写真:ロイター/アフロ
米オープンAIによるAI開発のインフラ戦略が、大きな転換点を迎えている。
11月初旬、同社は米アマゾン・ドット・コム傘下でクラウド事業を手掛ける米アマゾン・ウェブ・サービス(AWS)と7年間で380億ドル(約5兆8000億円)に上るクラウド利用契約を締結した。
提携する米マイクロソフト以外のクラウド大手との大型契約は、AIの頭脳となる「計算資源」の調達先を全方位に広げる「マルチクラウド戦略」を鮮明にするものだ。
AI業界の膨張するインフラ需要を取り込みたいアマゾン側と、特定の企業への依存から脱却したいオープンAI側の思惑が一致した。
一方で、オープンAIが抱えるインフラ投資のコミットメント(支払い約束)総額は1兆ドル規模(約154兆円)に迫り、AIブームの持続可能性を巡る議論も再び熱を帯びている。
AIの「計算資源」不足解消が急務
11月3日に発表された両社の戦略的パートナーシップは、オープンAIがAWSの世界クラスのインフラを即時利用可能にすることを核とする。

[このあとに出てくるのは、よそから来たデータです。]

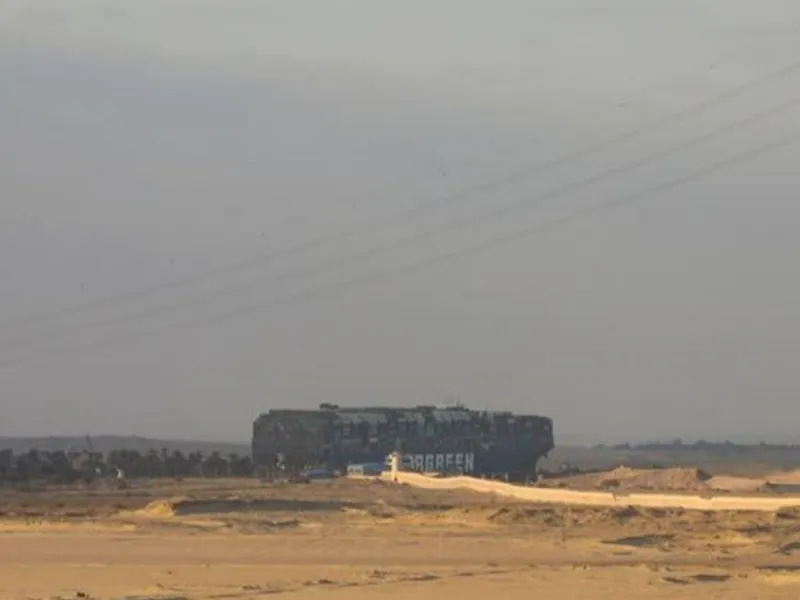 Remorcherele tractau portcontainerul către Marile Lacuri Amare, la mijlocul căii de navigaţie, unde urma să fie supus unor inspecţii.
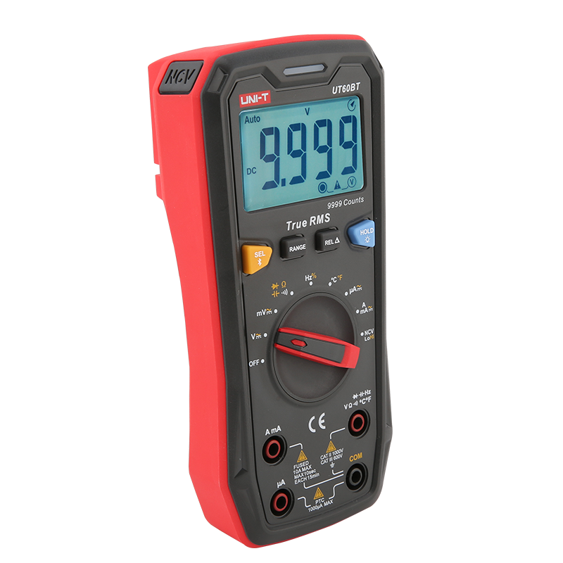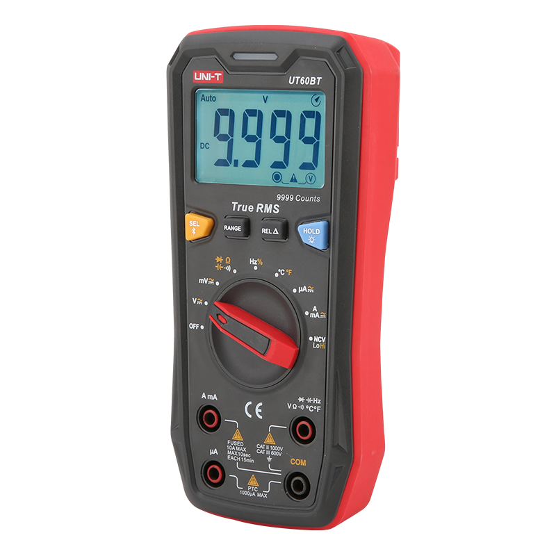 UT60BT是9999位真有效值高分辯率自動量程萬用表,產品采用新一代智能ADC芯片,具有測量過壓、過流報警提示,電路配備完善的6kV防雷電擊和防高壓誤測裝置;符合安規CAT II 1000V/CAT III 600V要求,同時配備藍牙傳輸功能,可通過APP進行操作,是電子電工界優先選擇的數字萬用表。
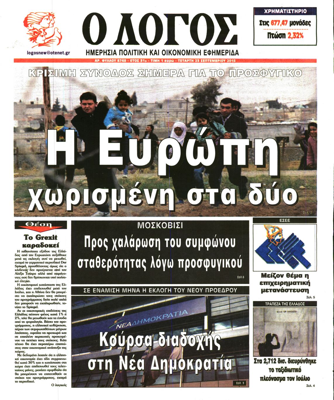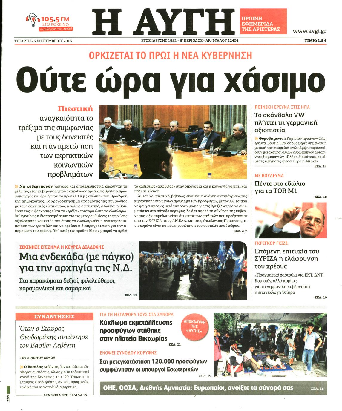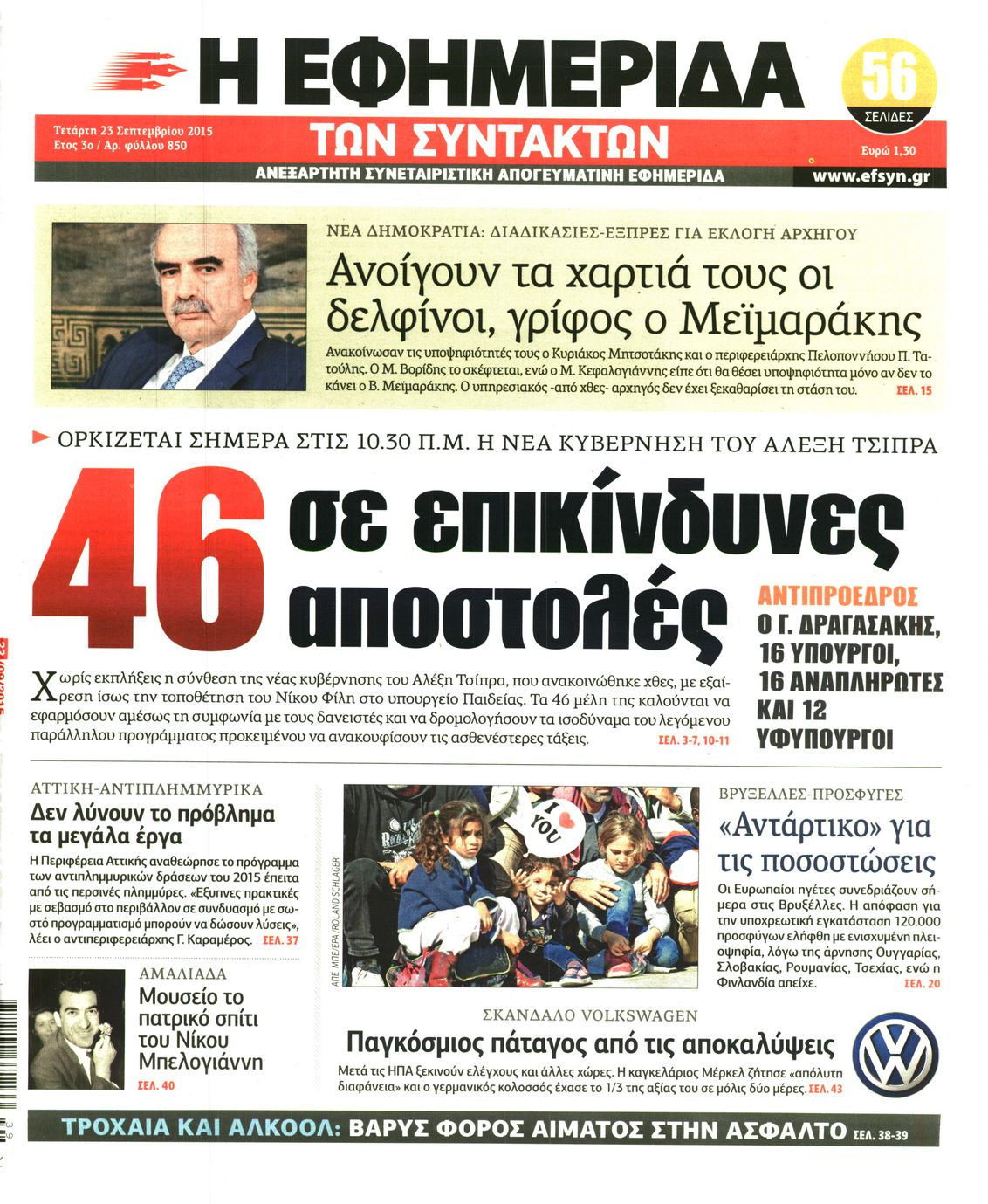 Τετάρτη 23 Σεπτεμβρίου 2015
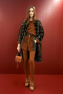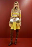 Замшевые ботфорты вкупе с ажурными колготками и леопардовым пальто с капюшоном помогут сохранить эффектный вид, в то же время защищая от переменчивой погоды. А жизнерадостное платье, чередующее солнечно-желтый оттенок и цветочный принт, с игривыми меховыми хвостиками напомнит о том, что летние дни ушли не навсегда.
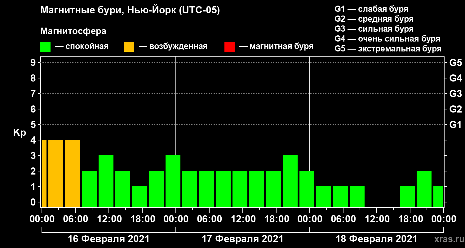 Магнитные бури в Нью-Йорке 18 февраля 2021 года
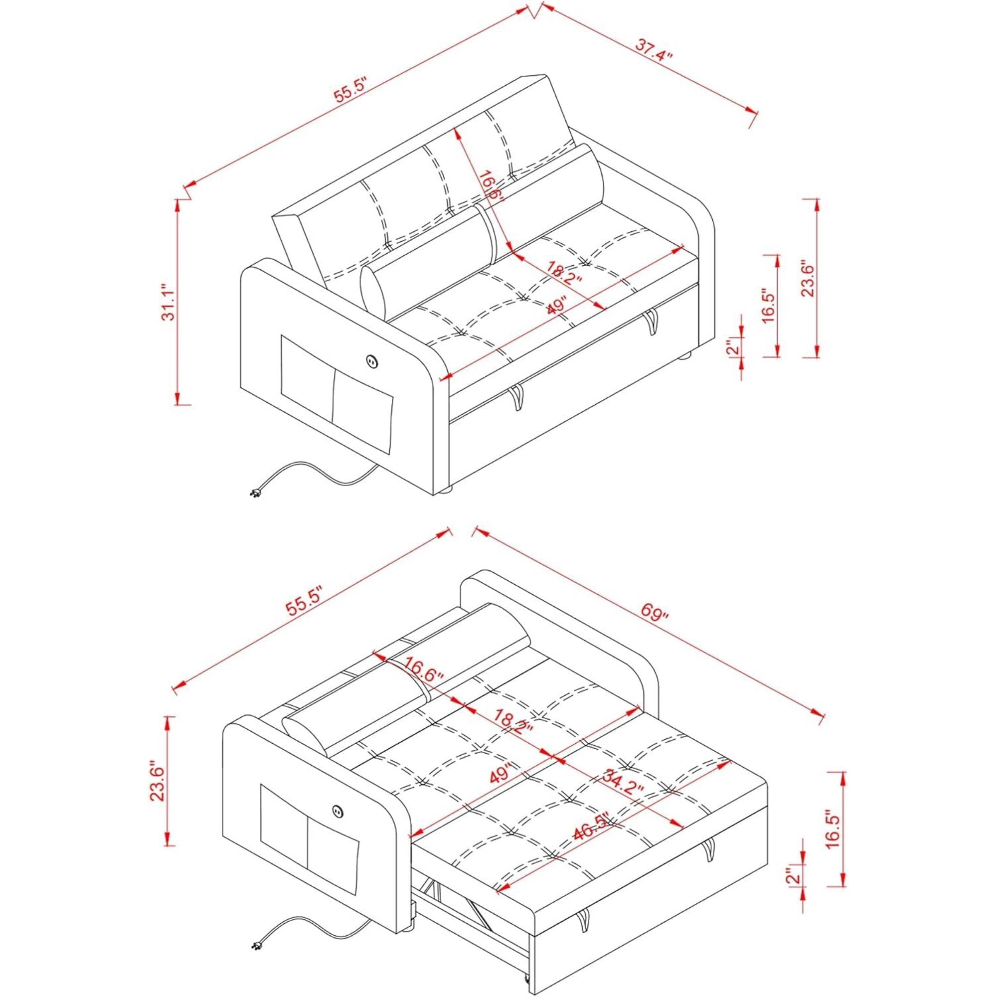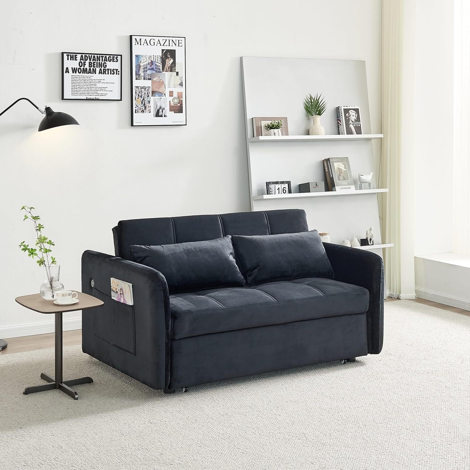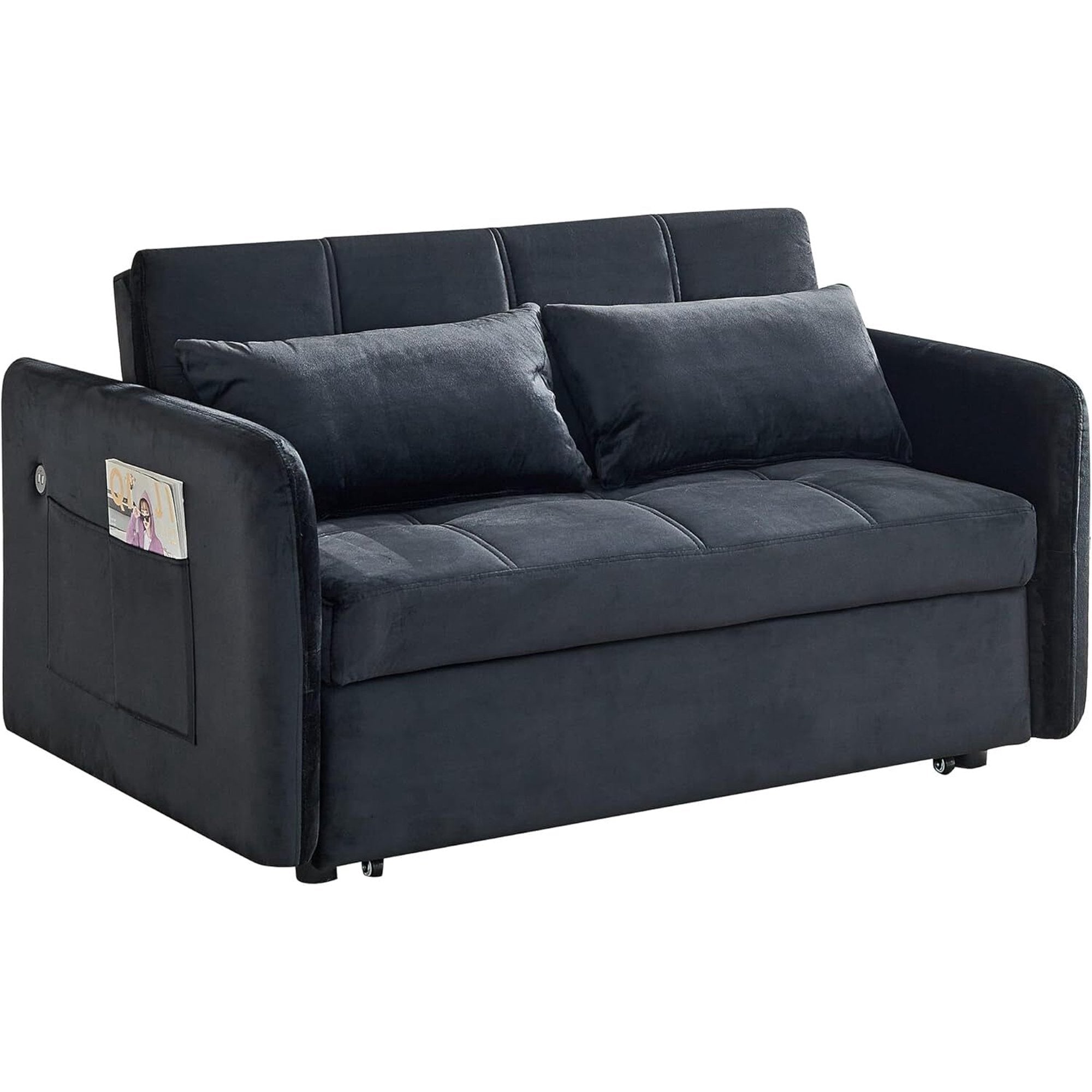 AENKYO 55.5" Pull-Out Loveseat Sleeper Sofa Bed with USB Ports and Side Pockets – Black
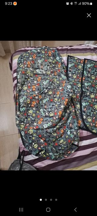 Funda saquito de divertidos robots para cochecito silla bebé marca Teoyleo. Es como el de la foto pero de robots.Tiene la versión invierno y la versión verano, se ajustan mediante cremallera. Como nuevo. Compatible con Bugaboo camaleón. Precio original 117euros.
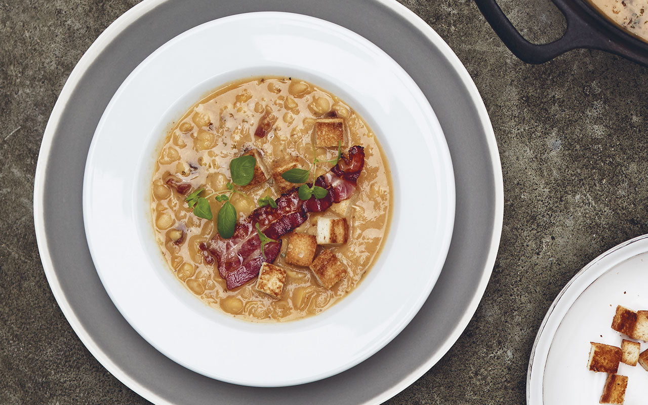 Jeden z našich rodinných pokladů. K hrachovce skoro vždycky jíme něco sladkého: koblihy, lívanečky anebo nic.
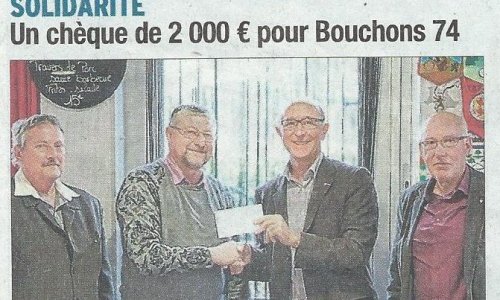 Article du Dauphiné Libéré en date du : 29/04/2016 ; Solidarité : un chèque de 2 000 € pour les Bouchons 74
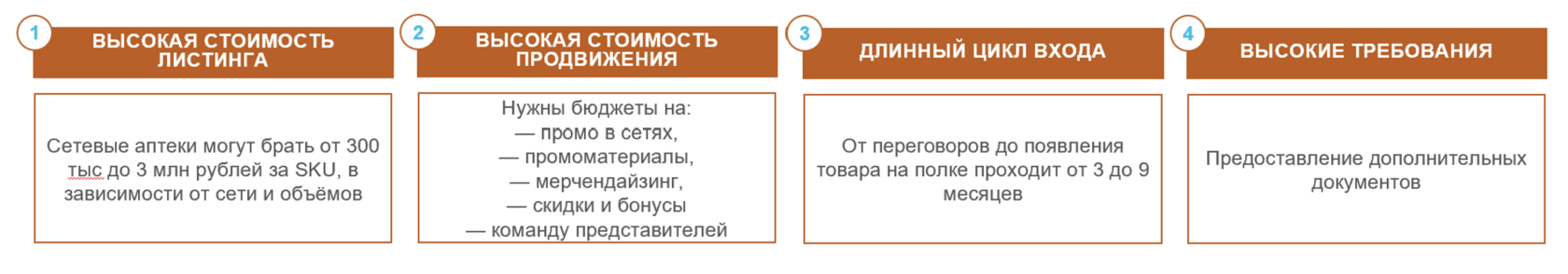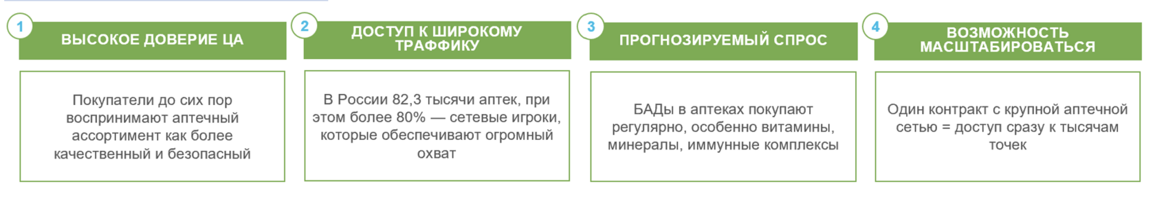 Аптеки — это канал, который требует наибольших инвестиций и времени на запуск, но взамен даёт бренду стабильный оборот и доступ к массовой аудитории. Это не про быстрые продажи, а про закрепление на рынке и долгую игру.
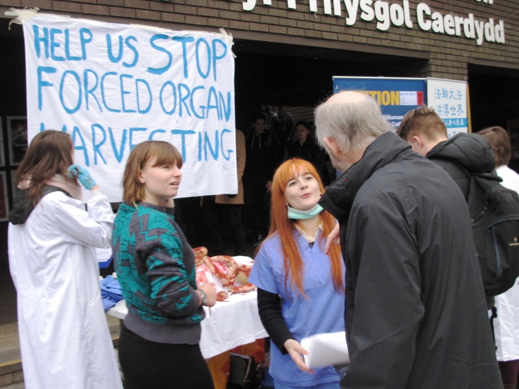 几天前,威尔士国民议会“中共活摘器官说明会”的组织者收到艾姆珀的电子邮件。她在信中邀请说明会的主讲嘉宾到大赦国际组织卡迪夫大学分部的例会上披露中共活摘器官的惊人事实。大卫·乔高(David Kilgour)和伊森·葛特曼(Ethan Gutmann)等说明会主要发言人未能到会,但几位积极支持反强摘器官征签的义工,也是几位英国的法轮功学员来到卡迪夫支持该活动,他们带来了DAFOH反强摘器官请愿征签宣传条幅和传单,也带来了法轮功真相资料。
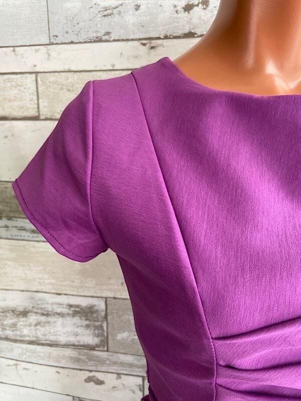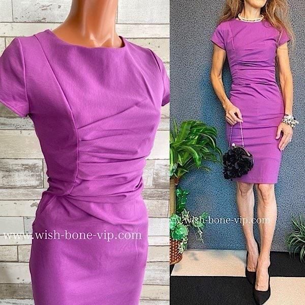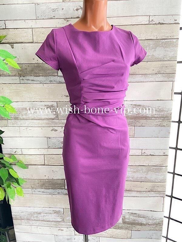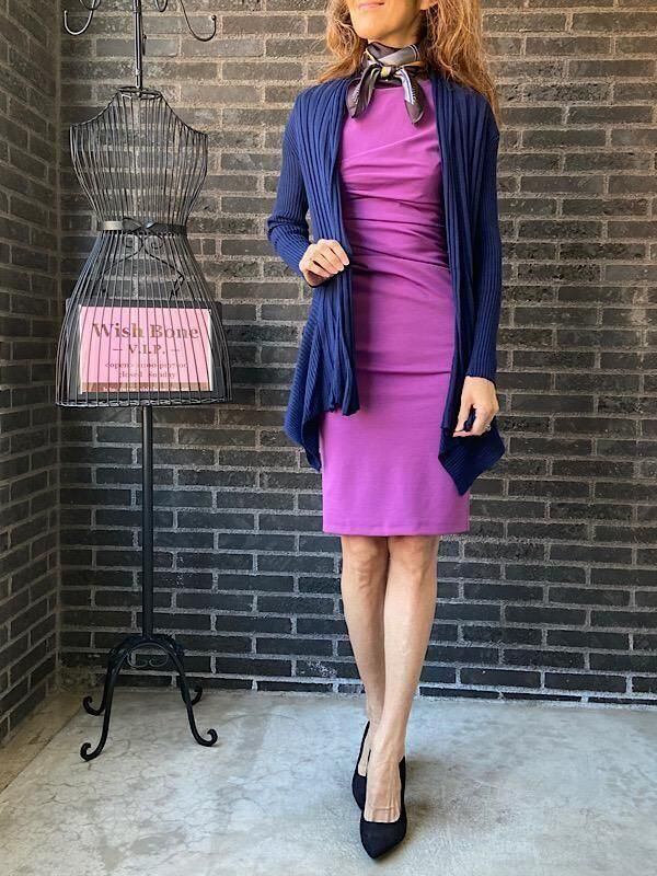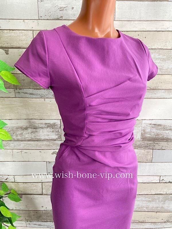 ピンクパープルの色合いがとてもきれいなタイトワンピースです。ストレッチが良くウエストのカットが女らしいシルエットを作ってくれ、シンプルですが飽きなくコーディネートをお楽しみ頂けそうですよ。
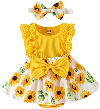 Baby Girl Clothes Newborn Romper Dress Infant Lace Ruffle Sleeveless Summer Outfits with Headband 0-12 Months
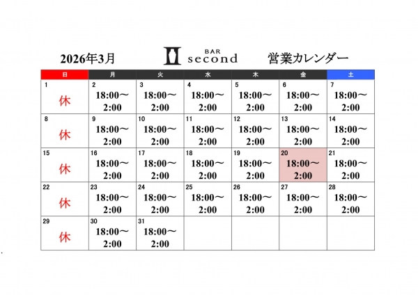2026年3月のお知らせ 2026-03-02 08:56:58 こんにちは。 名駅 バーセカンド 高見です。暖かく、花粉が飛び始めました…(T-T)毎年この時期ボーッとしてしまいます。2026年3月のお知らせです。【2026年3月】定休日 各日曜日※20日(春分の日)は通常通り営業いたします。以上の日程と致します。よろしくお願い申し上げます。バーセカンド 高見 その他状況により急遽予定を変更する場合がございます。 ホームページ、Facebook、Googleプレイス、など 各種SNSでも掲示致しますので、 お手数ですがご確認頂けましたら幸いでございます。バーセカンド BAR second 450-0002 名古屋市中村区名駅三丁目24-8 三立ビル5階 HP https://www.bar-second.com TEL/FAX 052-583-0880 OPEN 18:00 CLOSE 2:00 定休日 日曜日 #名駅 #名駅バー #名駅三丁目 #バー #bar #バーセカンド #愛知県 #名古屋市
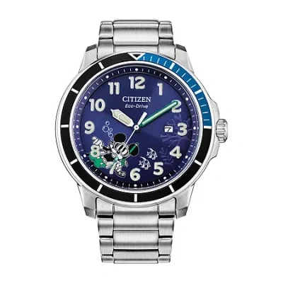 Mickey Water Sport Mickey Mouse Mens Silver Tone Stainless Steel Bracelet Watch Aw1529-81w
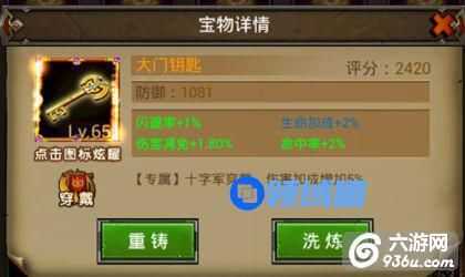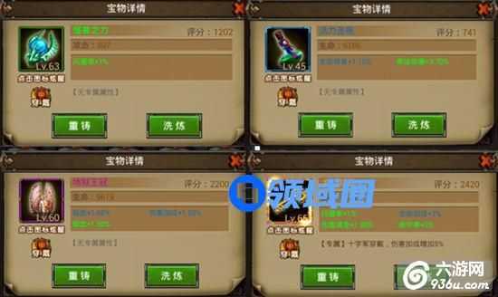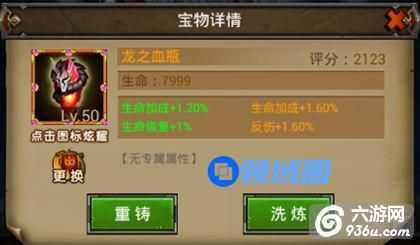 如果对宝物的属性感到不满意,可以对宝物进行洗炼。洗炼宝物会消耗金币。
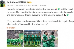 体育资讯3月22日讯 国安外援法比奥更新社媒,谈到了本轮主场1-1战平申花的感受。
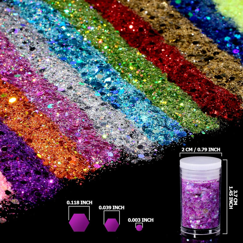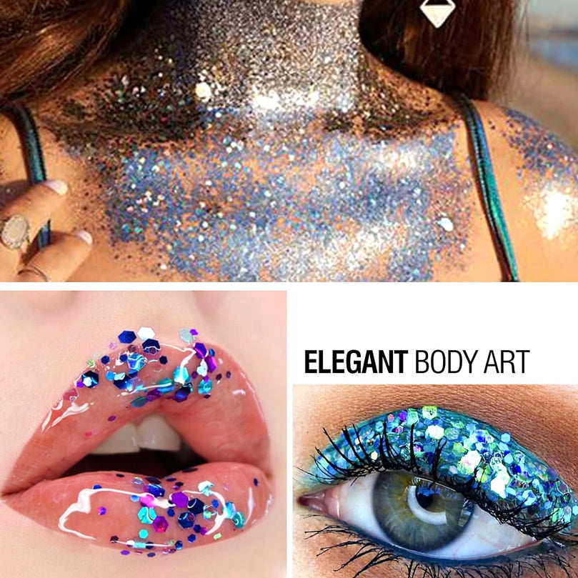 Mixed Size Iridescent Body Glitter - Each color come with 3 different sizes, 0.003inch(round shape), 0.039inch & 0.118inch(hexagon shape), easily help create multiple-layered body glitter decoration, you can use it to decorate your cheek, eyes, arms, neck, lip or nails, adding charming element for you to catch people’s eyes in party
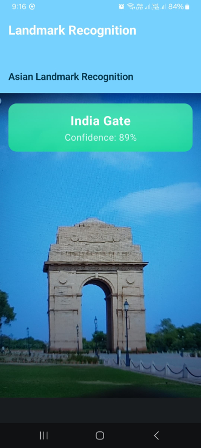 Recognizing India Gate with 89% confidence using TensorFlow Lite.

アマゾンは、対話型AI「Chat(チャット)GPT」の応答性能強化や次世代モデルのトレーニングのため、米エヌビディア(NVIDIA)製の最新AI半導体「GB200」や「GB300」を含む数十万個のGPU(画像処理半導体)を搭載したサーバー「Amazon EC2 UltraServers」を提供する。
このインフラは、AIが自律的にタスクを処理する「エージェント型AI」のワークロード(処理負荷)に対応するため、これら数十万個のGPUに加え、数千万規模のCPU(中央演算処理装置)も併用可能な構成だという。
計画された全容量は2026年末までに展開が完了する予定となっている。
オープンAIのサム・アルトマンCEO(最高経営責任者)は「フロンティアAI(最先端AI)のスケーリングには、大規模で信頼性の高いコンピュートが必要だ」と述べ、AWSとの提携が次世代のAIを支える広範なエコシステムを強化するとの期待を示した。